Source code for quantify_scheduler.backends.zhinst.resolvers

# Repository: https://gitlab.com/quantify-os/quantify-scheduler
# Licensed according to the LICENCE file on the main branch

from __future__ import annotations

from typing import TYPE_CHECKING

from quantify_scheduler.backends.zhinst import helpers as zi_helpers

if TYPE_CHECKING:
    import numpy as np
    from zhinst import qcodes




def monitor_acquisition_resolver(uhfqa: qcodes.UHFQA, monitor_nodes: tuple[str, str]) -> np.ndarray:
    """
    Returns complex value of UHFQA Monitor nodes.

    This acquisition resolver corresponds to measuring a time trace of the input on the
    I channel (input 1) and Q channel (input 2).

    Parameters
    ----------
    uhfqa
    monitor_nodes

    """
    (node_i, node_q) = monitor_nodes
    results_i = zi_helpers.get_value(uhfqa, node_i)
    results_q = zi_helpers.get_value(uhfqa, node_q)
    return results_i + 1j * results_q





def result_acquisition_resolver(uhfqa: qcodes.UHFQA, result_nodes: tuple[str, str]) -> np.ndarray:
    """
    Returns complex value of UHFQA Result nodes.

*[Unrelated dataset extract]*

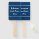 These family reunion hand fans are blue. They have white text. You can use it to show a custom message such as your family's last name and the year you're having the family reunion. (Shown: Johnson Family Reunion 20xx) The words family reunion are in a script.

    Note that it needs two nodes to return a complex valued result.
    For optimal weights one can ignore the imaginary part.

    Parameters
    ----------
    uhfqa
    result_nodes

    """
    vals_node0 = zi_helpers.get_value(uhfqa, result_nodes[0])
    vals_node1 = zi_helpers.get_value(uhfqa, result_nodes[1])

    # the ZI API keeps the contributions of both weight functions separate
    # here we combine them so they correspond to the I and Q components.
    vals_i = vals_node0.real + vals_node0.imag
    vals_q = vals_node1.real + vals_node1.imag

    results = vals_i + 1j * vals_q

    return results